With a leering sneer, the mercenary laughed, joined by a few of his cronies. Aurora noted them out of the corner of her eye; they had made a circle around her, all bent slightly as they readied themselves to join their master. Bloody fools; hadn't they seen her at the arena?
"You think you're so special with your damn twinkly fingers." He withdrew his sword, the metal slicing loudly against its scabbard. "I'll remind you of that when I'm holding your guts against your face."

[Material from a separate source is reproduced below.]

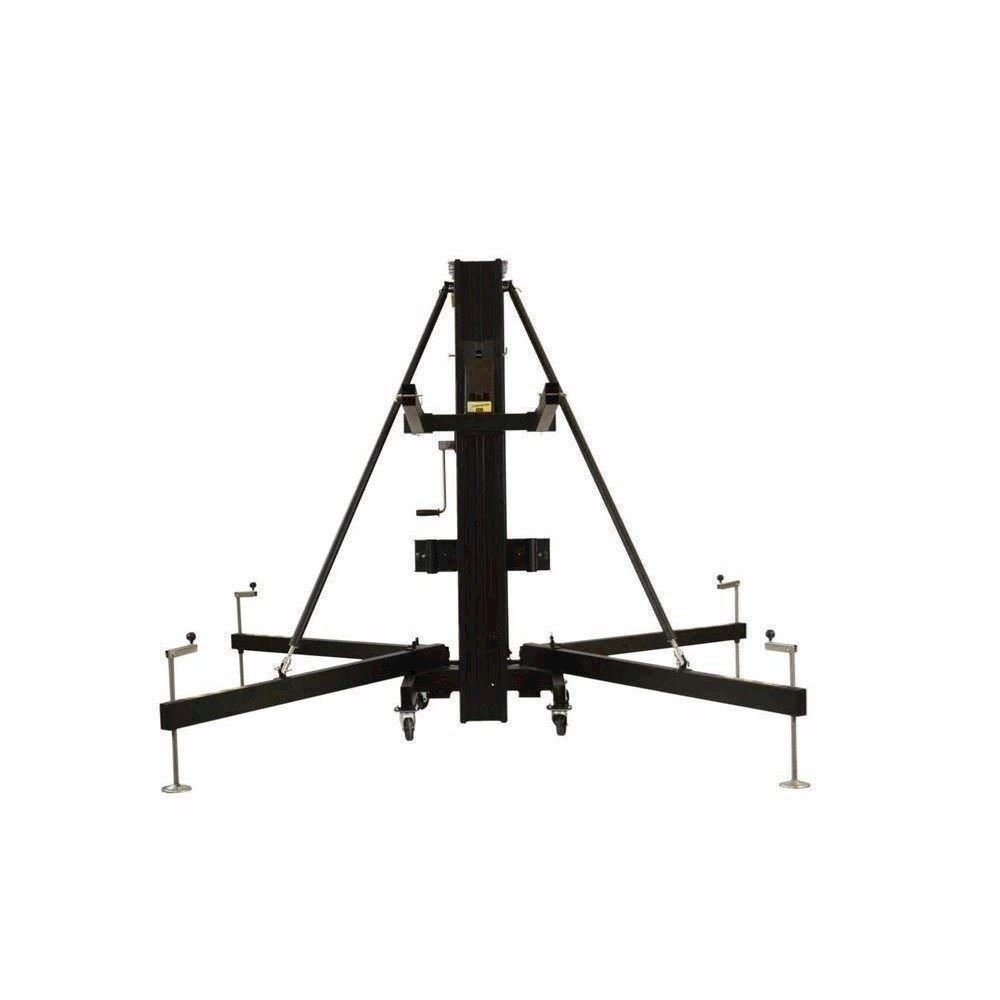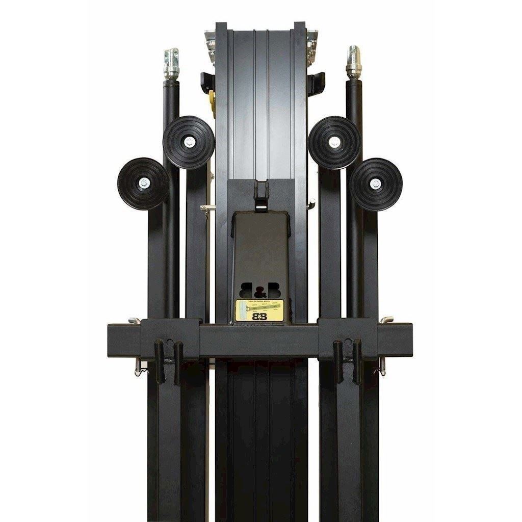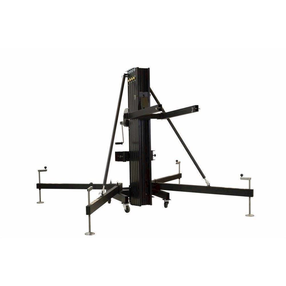 Hele 8 meter løfter dette gaffelstativ, der er velegnet til f.eks. truss og line array systemer. Produceret og godkendt i EU.
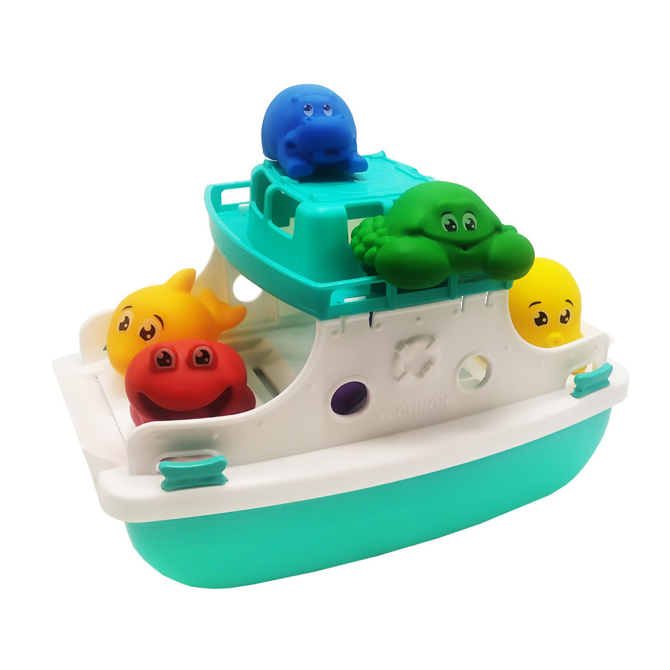 Матусі прекрасно знають, як перетворити купання дітей у веселу і захоплюючу гру. В цьому батькам допоможуть іграшки для ванної. Наповніть теплу ванну цікавими тваринками і Ваш малюк буде приймати водні процедури з захопленням. Іграшка "Пором ТехноК" з фігурками на борту неодмінно сподобається малюкам. Пором - це неймовірне поєднання краси і функціональності. Його конструкція дозволяє добре плавати і перевозити улюблені іграшки. Пором обладнаний двома трапами, які ховаються в корпусі і не заважають руху. У верхній частині розміщена рубка капітана, палуба для пасажирів і майданчик для вертольота. Спеціальні отвори в корпусі допоможуть легко злити воду з порома і висушити його. Так іграшка буде залишатися чистою та безпечною для дітей. Звірятка, зручно розмістилися на палубі - різноманітні представники водного світу: акула, восьминіг, морська зірка, бегемотик, жаба і краб. Надруковані очі методом тамподруку додають іграшок радісних емоцій і краси, з ними звірі ніби оживають. Звірятка відмінно тримаються на воді, що дозволяє дітям придумувати різноманітні ігри. А ще фігурки можна використовувати для навчання: вивчати кольори, назви тварин, робити перші кроки в рахунку. Такі ігри розвивають у дітей дрібну моторику, мовлення, уяву і фантазію. Іграшка "Пором ТехноК" виготовлена з міцного нетоксичного пластику. Використання тільки високоякісних барвників забезпечує яскравий колір протягом тривалого терміну використання. М'які звірятка виготовлені із спеціального гіпоалергенного матеріалу - пластизолю. Матеріал, використовуваний в наших іграшках пройшов складну перевірку на відсутність шкідливих речовин і отримав відповідні гігієнічні висновки акредитованих лабораторій. Іграшки з пластизолю м'які, міцні і приємні на дотик, без різкого запаху. З іграшкою "Пором ТехноК" кожне купання Вашого малюка буде наповнена радістю і захоплюючими пригодами. З ним весело грати у ванній, на річці і на пляжі, і навіть вдома. Зверніть увагу! Після використання необхідно промити іграшки під проточною водою і висушити. Не використовувати, не сушити і не зберігати поблизу нагрівальних приладів. Комплектація: пором, фігури різного кольору і форми 6 шт. Упаковка - сітка з кольорової картонної етикеткою. Для дітей від 3-х років.

Aurora almost sighed; these fights were as much of her routine now as the arena and the drinking. It was always the same – only the idiots challenging her changed. Someone would hear of her exploits, come to see her in the Crucible, and then come sniffing around the bar, looking for a fight. All tough swords-for-hire who had something to prove. Ah, well.
Suddenly, he was moving, and for a moment Aurora was startled. But her Hero's strength and speed kicked in and she moved out of the way; his blade connected with a table behind her, clanging loudly in the silence left behind by the watching crowd's bated breath. Aurora swung around and released a small burst of fire out of her left hand, hitting him right in the buttocks. The "tough" man let out a little squeal, then swung back to face her, growling in fury as he yanked his sword from the stiff wood.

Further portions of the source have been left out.